Entscheidungsstichwort (Thema)
Kenntnis über den Vermögensbestand durch Fragebogen zur wahrheitsgemäßen Beantwortung
Leitsatz (redaktionell)
Im Hinblick auf die Bedeutung des Offenbarungsverfahrens für die Belange des Gläubigers in der Zwangsvollstreckung, ist die Gewährung eines umfassenden, nicht nur auf die unvollständigen und unklaren Angaben beschränkten Fragerechts geboten.
Normenkette
ZPO § 900 Abs. 3
Verfahrensgang
AG Göttingen (Entscheidung vom 27.08.1993; Aktenzeichen 72 M 1047/93) |
Tenor
Der angefochtene Beschluß wird aufgehoben.
Die Entscheidung ergeht gerichtsgebührenfrei.

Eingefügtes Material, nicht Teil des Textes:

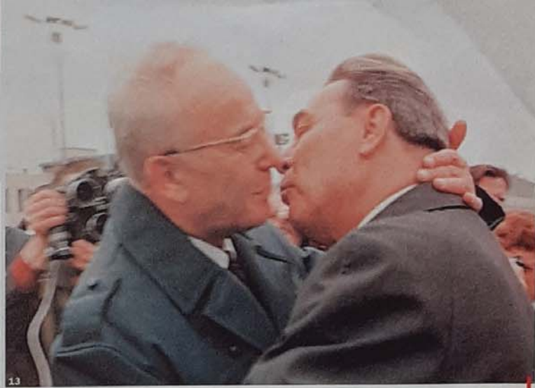
Jidášův polibek. Ještě lepší přítel Gustáv Husák sníval, že by se Slovansko mělo stát součástí Sovětského svazu. Praha, květen 1970.

každá usilovala o moc. V čele jedné z nich stál všemocný, ale smrtelně nemocný šéf KGB Jurij Andropov (1914–1984), jehož konflikt s Brežněvem začal už za Chruščova, do jehož tábora se počítal.
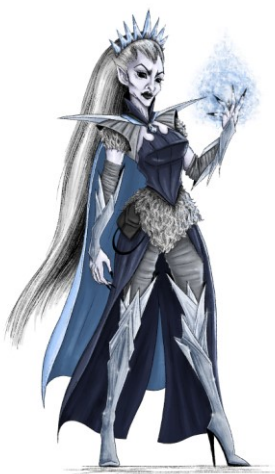
Slika 8. Finalna ilustracija vještice
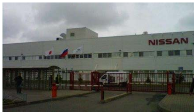
日産ロシア製造工場(NMGR)

で、今年は3車種、来年は9車種を生産する見込みなので、この時期の後にローカル化を続けていきたいとの話がありました。現時点での部品調達率はアフトワズ 83%、ルノー 60%、日産 30%だが、2016年にはそれぞれ80%、69%、65%が目標であり、どのようにアフトワズに近付けていくかがチャレンジングな課題とのことです。
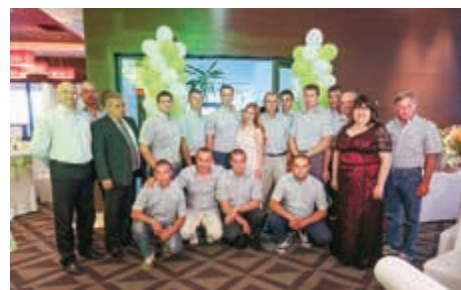
Екипът на Универсал - НВГ

помага предлаганата от тях техника предварително да бъде изпитана на техните полета.
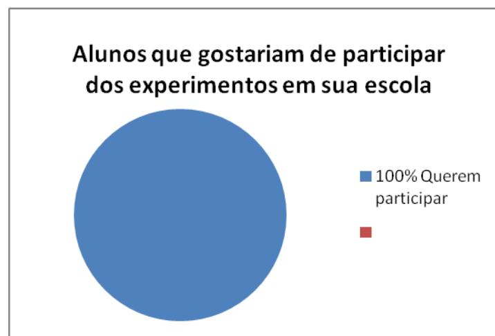
Gráfico 2 - Porcentagem dos alunos que gostariam de participar dos experimentos em sua escola.

Na segunda questão passada no questionário perguntava se os discentes da E.M.E.F. Prof. Estevão Gomes gostariam de participar desses experimentos na sua escola? Por quê? No gráfico abaixo podemos observar que dos 30 alunos entrevistados na segunda pergunta do questionário que foi passado para eles todos responderam que gostariam de participar de experimentos na sua escola.
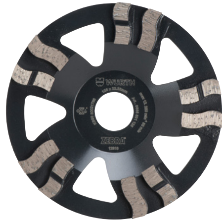
Solo a fini illustrativi

Per levigare quasi tutti i tipi di materiali in cemento e pietra
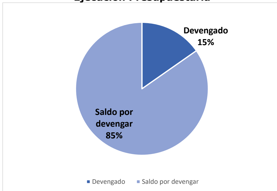
Gráfica No. 1 Viceministerio de Inversión y Competencia Ejecución Presupuestaria
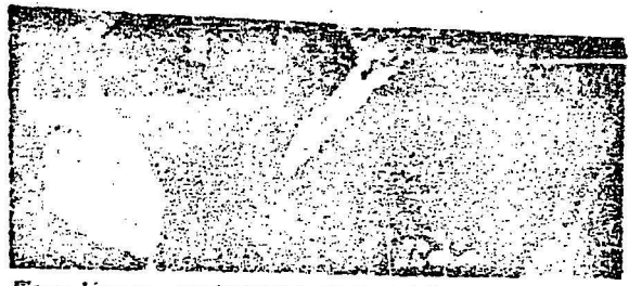
Tony Varona, intelectual y poeta cubano ampliamente conocido en el continente americano. Ayer dio trascendentales declaraciones para J.A. NACIÓN a nuestro redactor Santiago Peñafiel.

—Sin embargo los miles de cubanos que lograron salir de Cuba no están unidos, como fuerza de choque. —La división observada, es una división que aparenta que efectivamente es un hecho real: todos los cubanos unidos en la meta común de derrotar a Fidel Castro y todos están unidos para restablecer el orden representativo y la Constitución de 1940. La división cubana, es una muestra de nuestra energía y de una que es cada vez favorable. —Nuestro requerimiento la idea
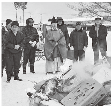
私たちを守ってくれたお守りが天に戻されました

参加者は、どんど焼きの火にあたり、焼いた団子を食べれば、その1年間健康でいられるなどの言い伝えもあり、無病息災・五穀豊穡を祈っていました。
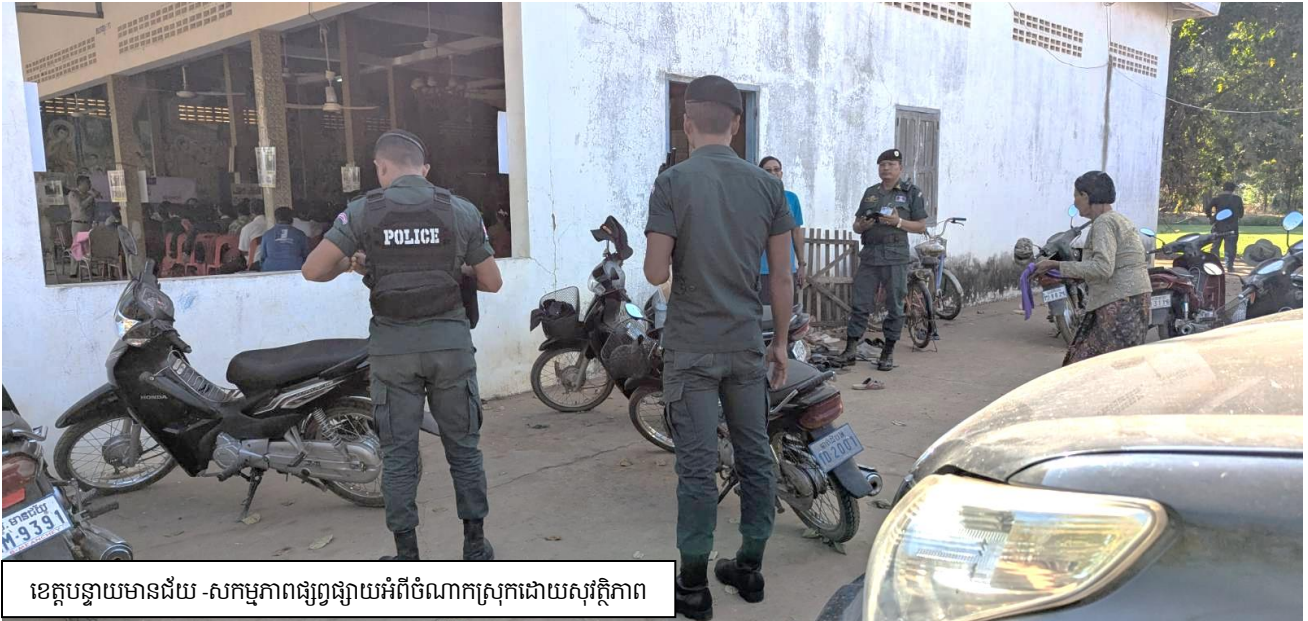
ខេត្តបន្ទាយមានជ័យ - សកម្មភាពផ្សព្វផ្សាយអំពីចំណាកស្រុកដោយសុវត្ថិភាព
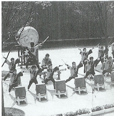
鹿央夏祭り「炎の祭典」
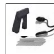
Arranque / paro automático.

DraftMax incluye dos filtros ovalados. La opción de esta forma permite tener la máxima superficie de filtración posible. Además, la mesa de aspiración descendente incluye un innovador sistema de retención de chispas en tres etapas, para una óptima seguridad.
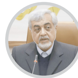
فرماندار رشت تأکید کرد

حضور میدانی مدیران تضمین کننده پایداری خدمات
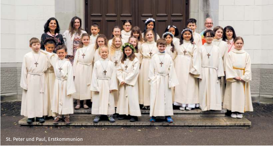
St. Peter und Paul, Erstkommunion
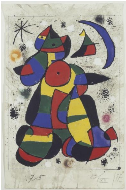
Joan Miró. Maqueta del Tapís de la Fundació , 1979. Fundació Joan Miró, Barcelona. Donació de Josep Royo Peña

El 1970, amb la col·laboració de Royo, Miró fa la seva primera obra tèxtil, el Tapís de Tarragona , a la qual el 1972 s'afegirien els sobreteixims, a mig camí entre la pintura, el collage i la tapisseria. Uns anys més tard, arran de l'encàrrec d'uns tapissos monumentals per a Nova York i Washington —el gran Tapís del World Trade Center (1974) i el Tapís de la National Gallery de Washington (1977)—, Miró en projecta un per a la Fundació. Al teler de la Farinera també s'hi teixeixen el Tapís de la Fundació "La Caixa" (1980) i el Tapís de la Fondation Maeght (1980), que completen aquesta sèrie de cinc tapissos monumentals.
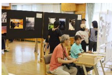
受付をしている生徒 & 部活動指導員の先生⇒

2日間で 500 人を超える人に見に来ていただき、各部員の写真に対するコメントも多数書いていただきました。ご来場くださった皆さま、どうもありがとうございました。
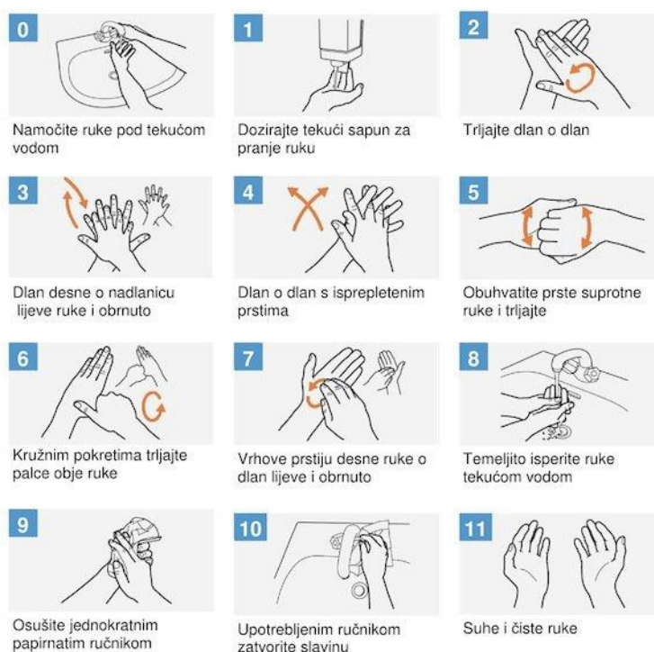
Slika 2. Postupak pranja ruku
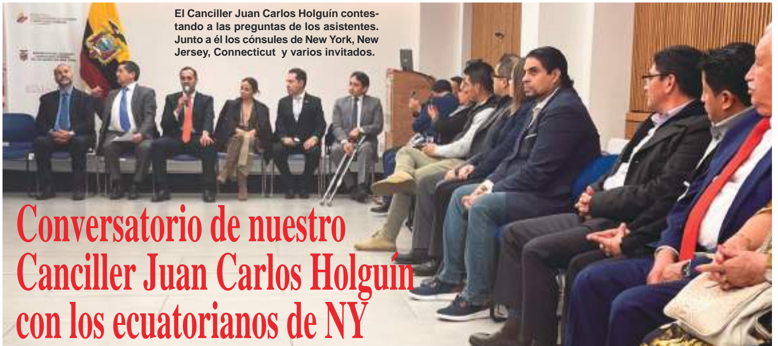
El Canciller Juan Carlos Holguín contestando a las preguntas de los asistentes. Junto a él los cónsules de New York, New Jersey, Connecticut y varios invitados.
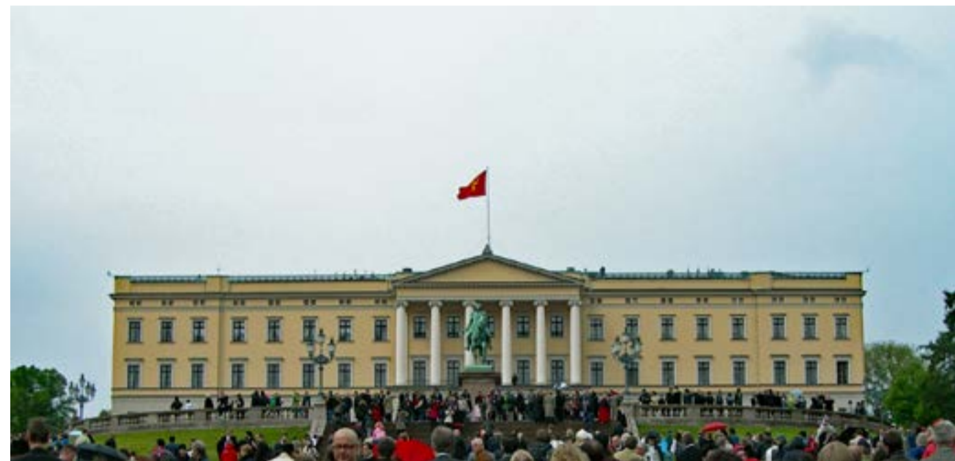
Det kongelige slott.

Hvis man trekker dette opp noen nivåer, til det nasjonale, så er det det samme her. Norge som et selvstendig land tillater ikke overstyring fra fremmede stater. Vi har våre egne lover og regler som vi følger. Samtidig inngår Norge forpliktende avtaler med andre (EØS, EU osv.). Men dette er noe vi har valgt å gjøre.
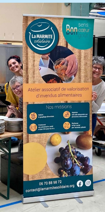
La Marmite solidaire

La volonté de développer des circuits courts d'approvisionnement a été pointée par les acteurs associatifs lors de l'étude comme une priorité. L'étude menée par SOLAAL devrait permettre d'identifier des gisements. Ce qui n'est pas sans poser de questions logistiques ou de transformation de denrées périssables.
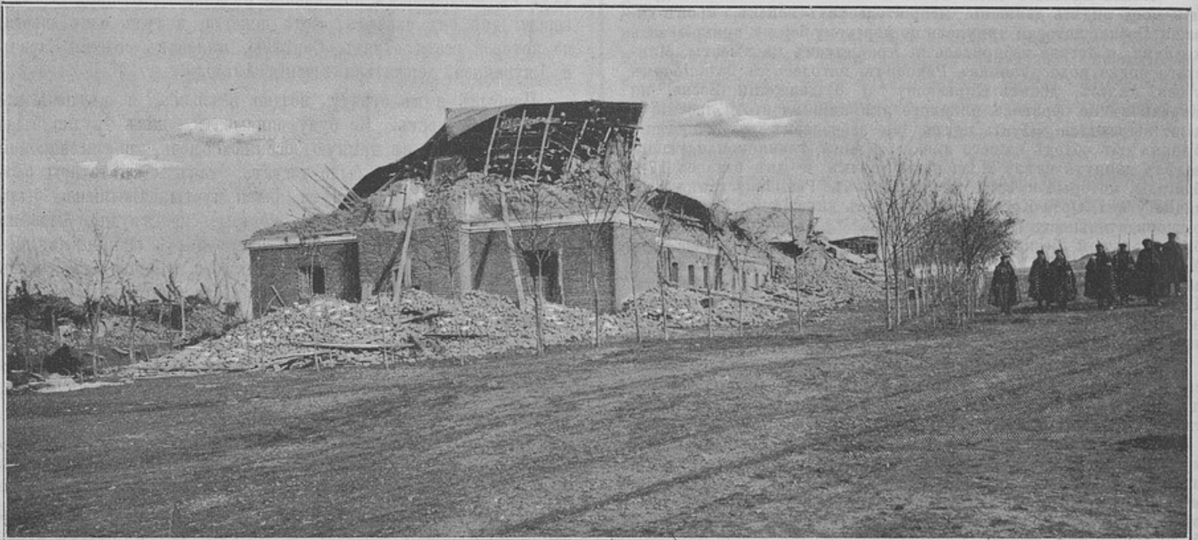
Землетрясеніе въ Андижанѣ. Казармы.

Проще, практичнѣе и красивѣе — придать ему фасонъ кавалерійской лядунки, носимой не на перевязи, ибо при скатанномъ черезъ плечо пальто было бы затруднительно доста-
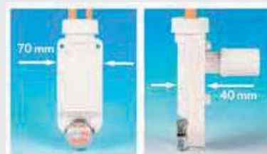
quote illustranti ridotto ingombro
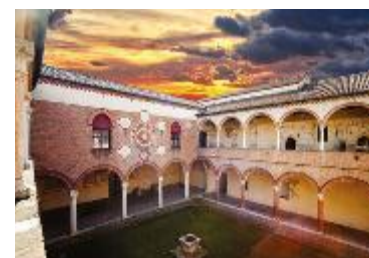
CASA ROMEI A FERRARA

FERRARA - 22 SETTEMBRE, dalle ore 18,30 Casa Romei, Via Savonarola 30, Ferrara RIEVOCAZIONE STORICA NEL CORTILE D'ONORE a cura dell'Ente Palio

Die außergerichtlichen Kosten nach einem Beschwerdewert bis zu 2.400,– DM hat die Schuldnerin zu tragen.
Gründe
Die Gläubigerin hat den Antrag gestellt, einen Termin zur Abgabe der eidesstattlichen Versicherung zu bestimmen. Gleichzeitig hat sie dem Amtsgericht einen Fragebogen mit 22 Fragen, auf den zur näheren Sachdarstellung verwiesen wird, vorgelegt mit der Bitte, diese Fragen der Schuldnerin zur wahrheitsgemäßen Beantwortung zu stellen. Mit dem angefochtenen Beschluß hat das Amtsgericht diesen Antrag zurückgewiesen und zur Begründung ausgeführt, daß das amtliche Vermögensverzeichnis sämtliche Vermögensgegenstände, Forderungen und Ansprüche erfasse, die die Schuldnerin habe. Die Beantwortung von Zusatzfragen erübrige sich somit. Gegen diesen Beschluß wendet sich die Gläubigerin mit ihrer Beschwerde, mit der sie ihren Antrag weiterverfolgt.
Die gemäß §§ 11 Abs. 1 S. 2 RpflG, 793 ZPO statthafte und auch im übrigen zulässige, insbesondere fristgerecht eingelegte sofortige Beschwerde der Gläubigerin ist begründet.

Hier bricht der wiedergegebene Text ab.